Aim of the task: Both ends included, restate word for word the lines from the first line of the listing through the line containing "どのクラスも、落ち着いたとてもよい雰囲気の中、書き初めをすることができました。". Leave the pictures out.

Records to process:
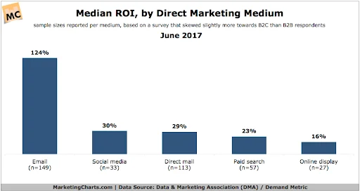 Согласно данным DMA, каждые 100 долларов, вложенные в почтовую рассылку окупаются и приносят $29 прибыли сверху. Это не так много, как у email-рассылок, но больше, чем, например, у платного поиска.
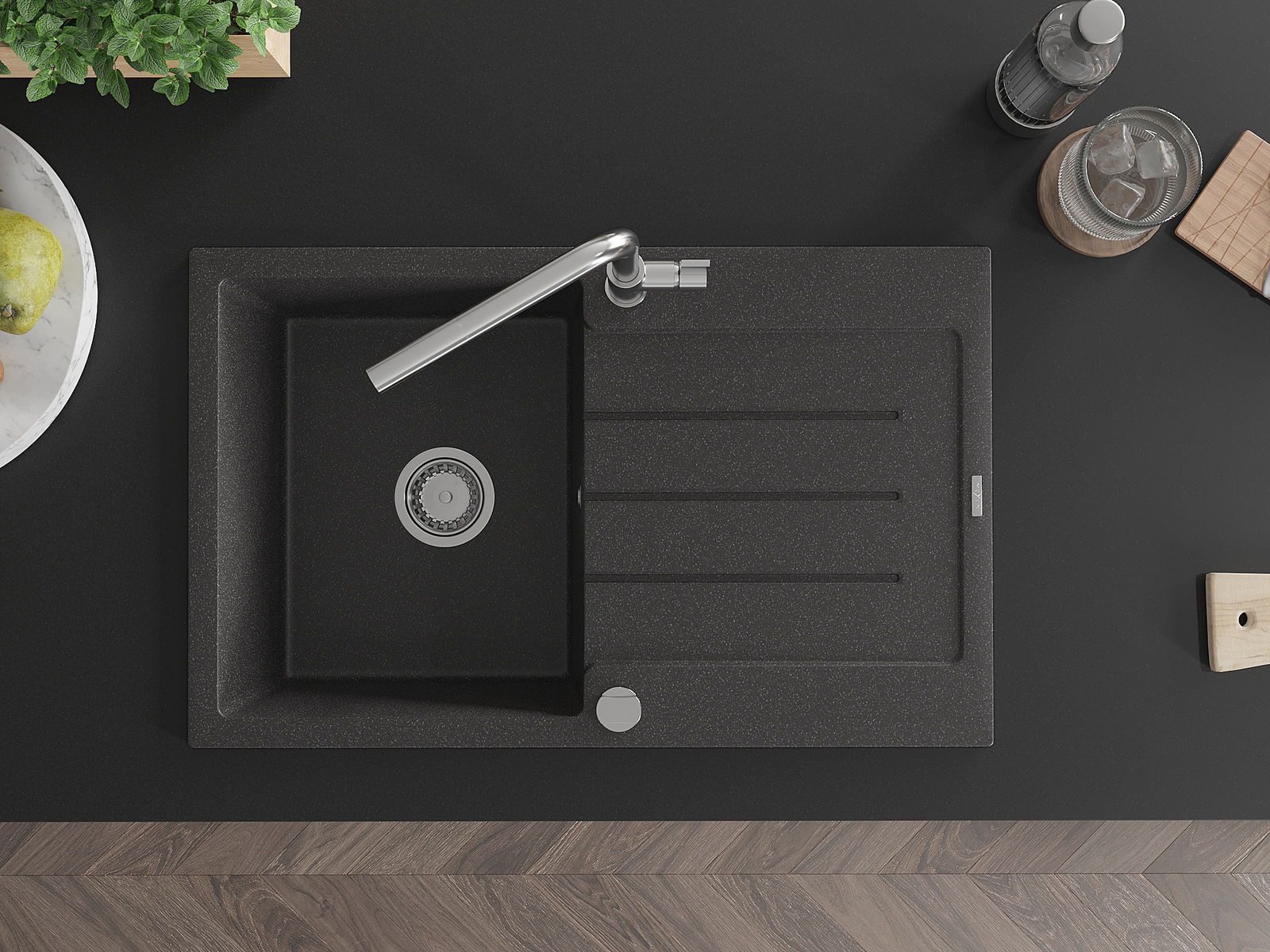 Mexen Bruno grindinis granito plautuvas su viena kamera, lašėjimas ir Flora virtuvės maišytuvas, juodas su taškeliais
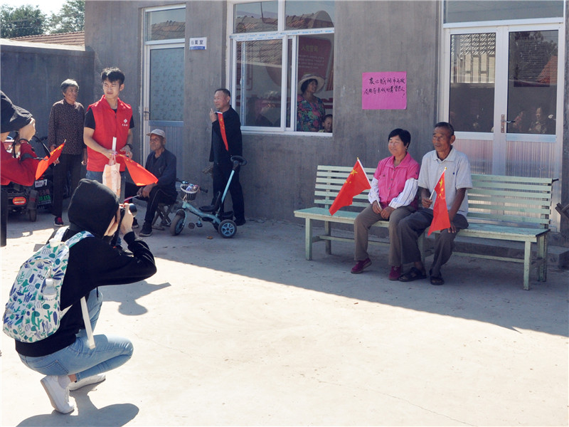 活动还为村里70周岁的共和国同龄人拍摄了家庭照,老人非常满意。
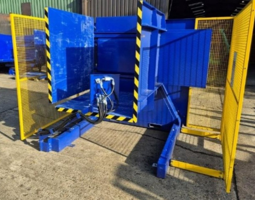 La machine est équipée de grilles hautes de 2 m, assurant la protection des opérateurs lors du retournement de charges lourdes ou fragiles.
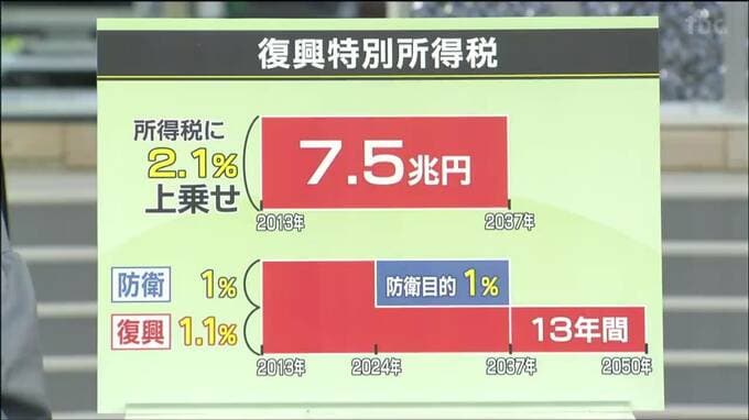 「復興特別所得税」とは、2013年から2037年までの25年間、所得税に2.1%上乗せされ、7.5兆円が確保されることになっています。
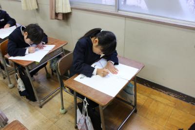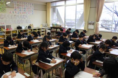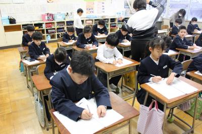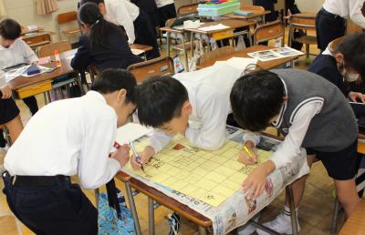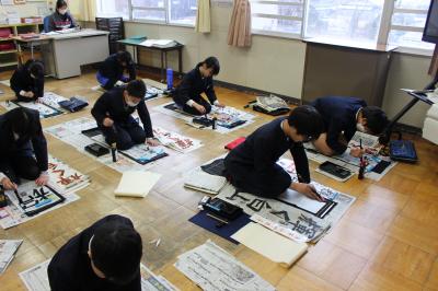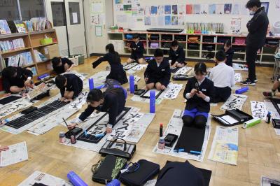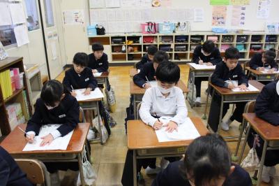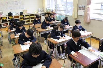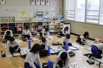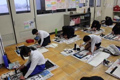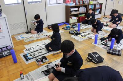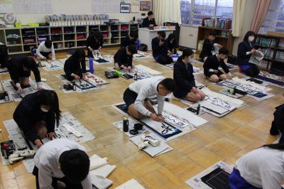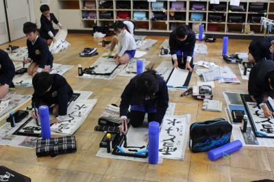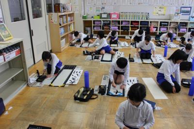 どのクラスも、落ち着いたとてもよい雰囲気の中、書き初めをすることができました。
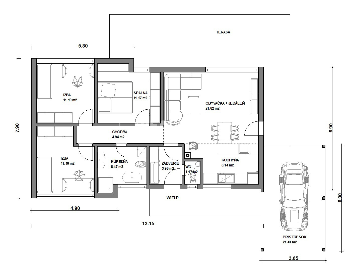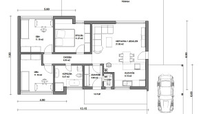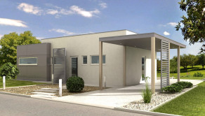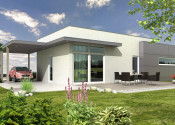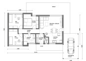 Realitná kancelária REG4U Vám ponúka na pozemku v okolí Žiliny VÝSTAVBU RODINNÉHO DOMU - 4 izbový bungalov typ VDT 18 s plochou strechou a autoprístreškom:
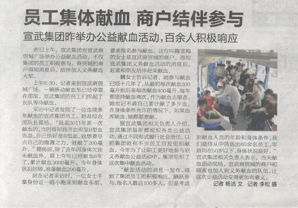 2017年4月22日,《都市晨報》對宣武集團(tuán)職工無償獻(xiàn)血活動進(jìn)行報道,彰顯了宣武社會正能量。
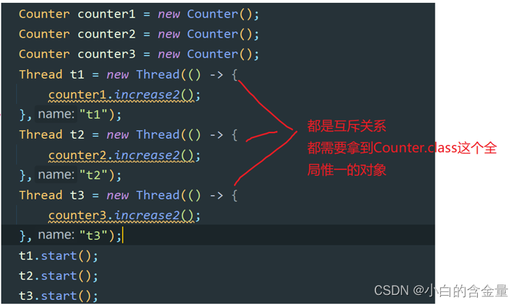 Let me give you an example which is not very appropriate , We can compare each thread to a person , Compare a locked code block to a toilet , If these threads need to go to the same toilet , So let's say you go to a thread first , Once inside, the thread will lock the toilet , During this period, other threads can't get in if they want to , This is the mutual exclusion between threads , Only when this thread comes out can it go in .
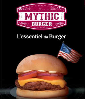 Outre ses fondamentaux, l’enseigne veille à varier les recettes pour le plus grand plaisir de ses clients. Du 2 mai au 3 juillet 2017, Mythic Burger met en avant sa création du moment : The American Cheesburger avec son pain rustique, viande de bœuf fraîche 100% française cuite à la flamme, cheddar, tomate fraîche, oignon rouge frais, ketchup et mayonnaise.
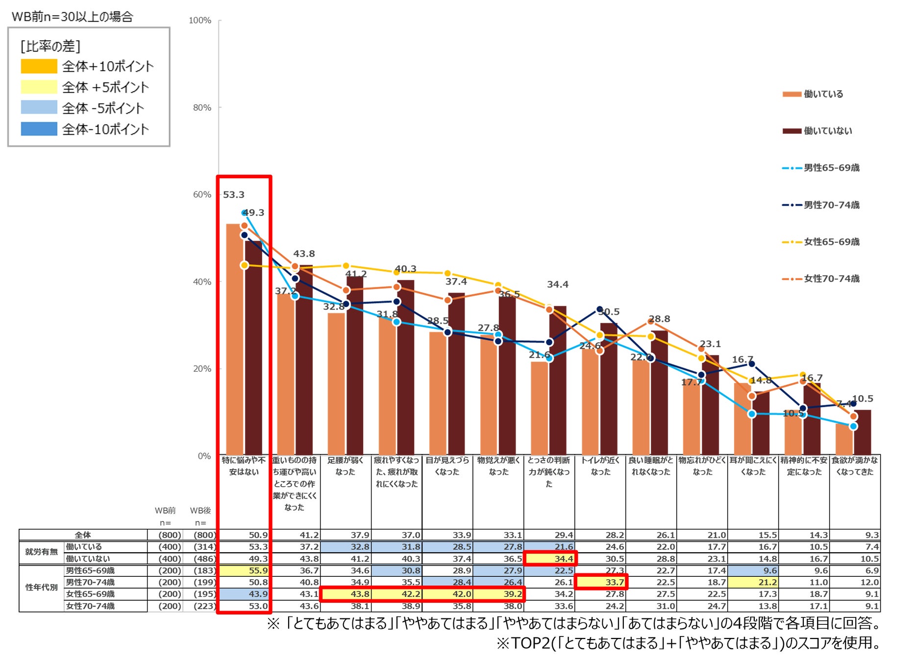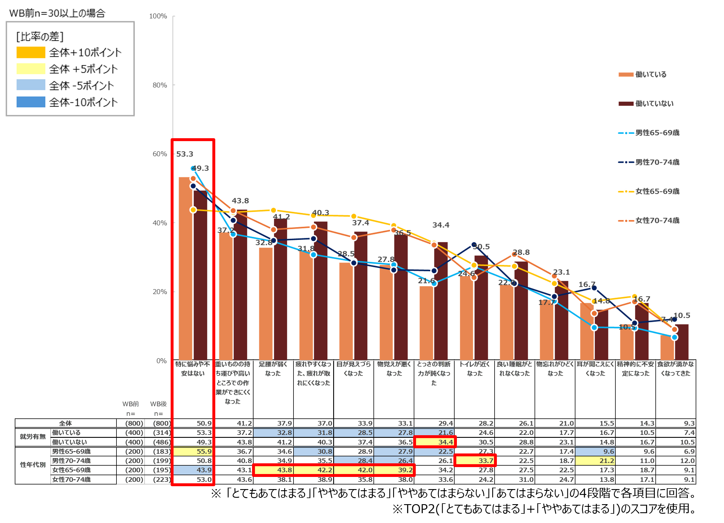 仕事をする上で感じている健康面、体力面に関する悩みや不安について尋ねたところ、全体では50.9%が「特に悩みや不安はない」が1位になった。働いていない人は「とっさの判断力が鈍くなった」が34.4%で働いている人(21.6%)と差が見られた。男性の70~74歳は他の層に比べて「トイレが近くなった」が33.7%で仕事への影響が見られた。女性の65~69歳は「足腰が弱くなった」「疲れやすくなった、疲れが取れにくくなった」「目が見えづらくなった」「物覚えが悪くなった」といった身体機能面での仕事への影響を強く感じていることも分かった。
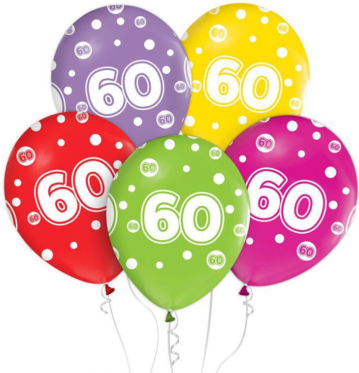 Popis Nafukovací balónky 5ks s potiskem číslice 60

Written solution:
 Согласно данным DMA, каждые 100 долларов, вложенные в почтовую рассылку окупаются и приносят $29 прибыли сверху. Это не так много, как у email-рассылок, но больше, чем, например, у платного поиска.
 Mexen Bruno grindinis granito plautuvas su viena kamera, lašėjimas ir Flora virtuvės maišytuvas, juodas su taškeliais
 活动还为村里70周岁的共和国同龄人拍摄了家庭照,老人非常满意。
 La machine est équipée de grilles hautes de 2 m, assurant la protection des opérateurs lors du retournement de charges lourdes ou fragiles.
 「復興特別所得税」とは、2013年から2037年までの25年間、所得税に2.1%上乗せされ、7.5兆円が確保されることになっています。
 どのクラスも、落ち着いたとてもよい雰囲気の中、書き初めをすることができました。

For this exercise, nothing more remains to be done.